The lyrics of Starting Over were a whole-band achievement. The night before our last day in the studio we were huddled around a laptop, all gesturing word changes and stanza rearrangements on the screen, and discussing how best to articulate the chosen themes of bettering yourself and the realisation that comparison really is the thief of joy. Everyone has their ‘problems’ but it is the mindset of which you tackle them and your choice to solve better problems that creates some happiness. Having brainstorming nights like these are some of the funnest parts of being in a band.”

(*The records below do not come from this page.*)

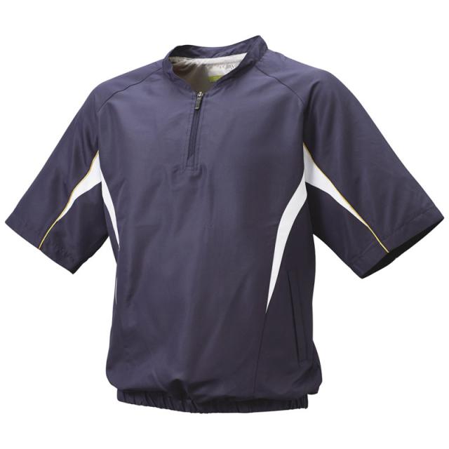 裏地メッシュ仕様のハーフZIP半袖ジャケット。
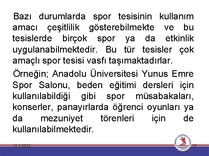 Bazı durumlarda spor tesisinin kullanım amacı çeşitlilik gösterebilmekte ve bu tesislerde birçok spor ya da etkinlik uygulanabilmektedir. Bu tür tesisler çok amaçlı spor tesisi vasfı taşımaktadırlar. Örneğin; Anadolu Üniversitesi Yunus Emre Spor Salonu, beden eğitimi dersleri için kullanılabildiği gibi spor müsabakaları, konserler, panayırlarda öğrenci oyunları ya da mezuniyet törenleri için de kullanılabilmektedir. 12. 2. 2022 15
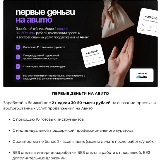 Заработай свои первые 50-75 тысяч рублей на простых и востребованных Авито-услугах для бизнеса, используя 12 готовых авторских инструментов inner.avito.
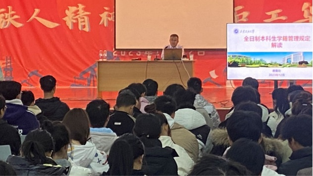 為加強學生對學籍管理政策的認識和理解,12月13日下午,材料科學與工程學院在鄠邑校區騰輝大學生活動中心舉辦全日制本科生學籍管理規定解讀報告會。報告會由教務處副處長馬加傳主講,學院2023級全體本科生參加,輔導員陳慶龍主持報告會。
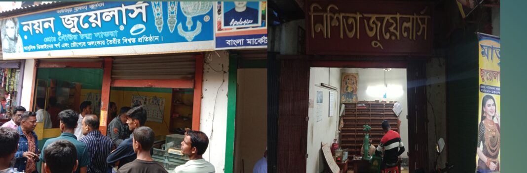নয়ন জুয়েলারি দোকানের মালিক গৌর চন্দ্র সাতরাক জানান, তার দোকানে থেকে ড্রয়ার ভেঙ্গে নগদ ১৩ হাজার টাকা এবং ২ লাখ ৫০ হাজার টাকার স্বর্ণ অলংকার চুরি হয়েছে। নিশিতা জুয়েলার্স’র মালিক নিমাই বিশ্বাস জানান তার দোকান থেকে ১ লক্ষ ৫০
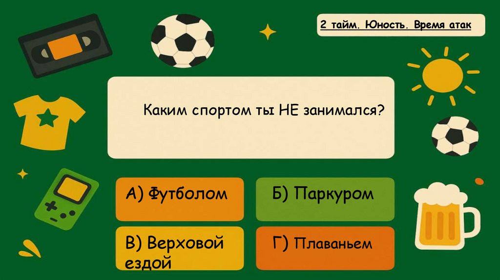 2 тайм. Юность. Время атакКаким спортом ты НЕ занимался?
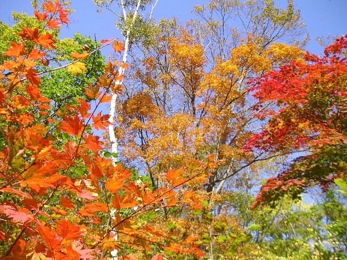 Foresta autunnale con foglie luminose su uno sfondo di cielo blu
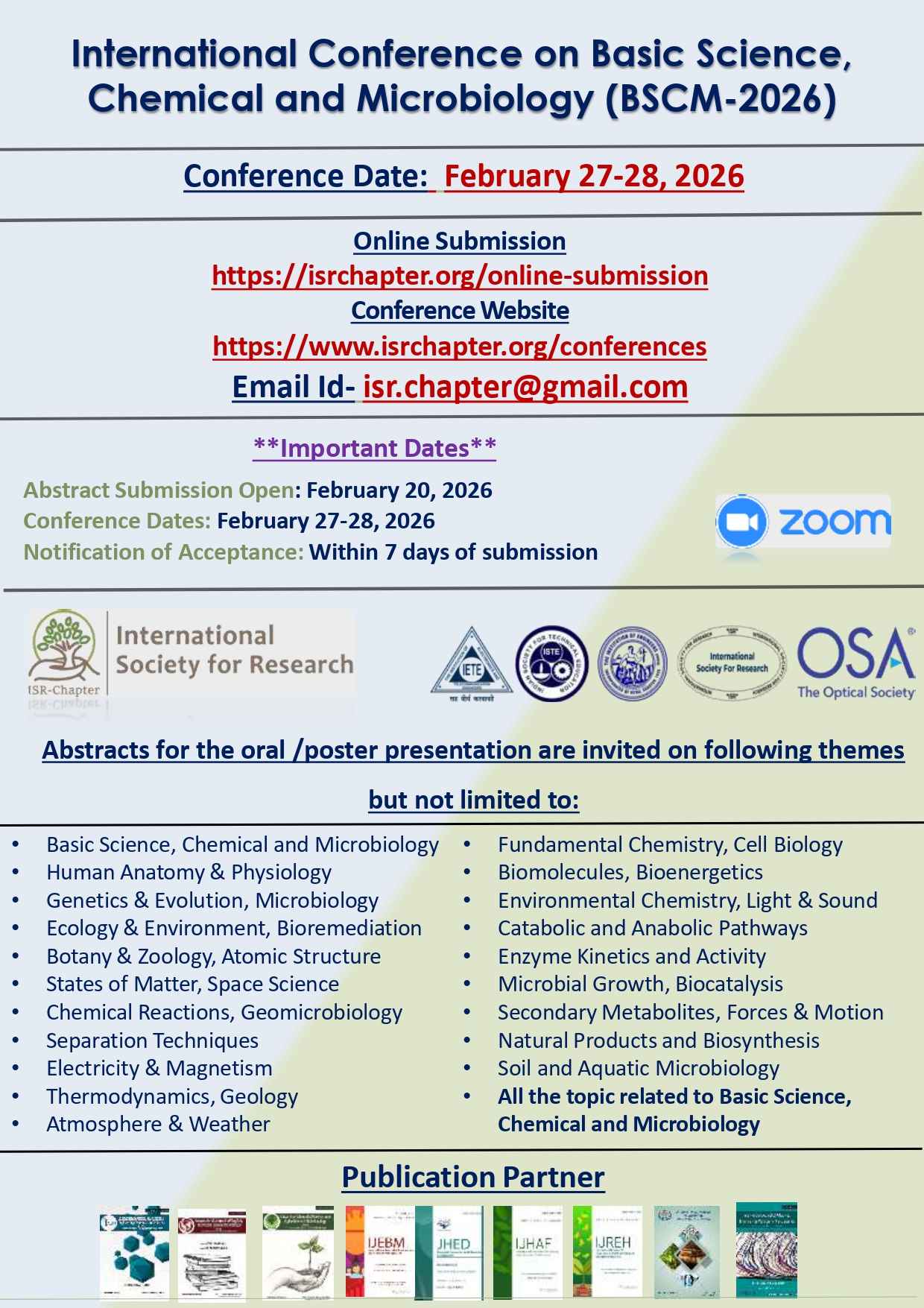 Contact E-mail id for any Query and Abstract Submission: isr.chapter@gmail.com

“Transparency came together fairly quickly, and clearly represents the moodier quarter of the 7”. It’s a fun thing for us to try to get out of the confines of our punk-beat tendencies sometimes, and do something more sweeping and epic. Both on stage and in the studio we’re very much a single-coil guitar band, but this track called for some humbucker crispness, and is also the first ever SF song to feature synth (albeit pretty subtle synth), which we added with Chris Vernon [Belle Haven, Better Half].

Vocally, there was a lot for us to play around with, and Harry asked us all to trust him with the big “YEEEAAHHHH” in the bridge. Jay justifiably described it as sounding like a cock rock band, but he was won over with the final product to the extent that it became his favourite of the four, as well as Jonah’s (guitar/backing vocals).

Lyrically this song is about living with your choices and in turn your mistakes. Jack’s favourite line, ‘Your blank face betrays your grave mistakes’ came out of his writing about falling easily into a mindset of victimhood when making bad choices, instead of acknowledging the action taken. Again, it’s a song sort of about making peace, and understanding you did what you truly believed was the right thing at the time. Learning lessons can justify your past mistakes, and short of those that hurt others, no choice is inherently bad if it brings growth and makes you who you are today. Thematically, it rounds out the EP’s message of “turning toward the sun” – orienting yourself to a positive mindset (to put it in the most pretentious terms possible).

All in all, we hope you enjoy this EP – it’s only a little one and it required us to condense our band down to its essence. We put a lot of ourselves into it, like all bands and artists do with their music and hope you get something out of it, whether it’s something emotional, or just a couple of head bangs.”

‘Turn Toward the Sun’ is out now everywhere, accompanied by a limited run of 7” vinyls.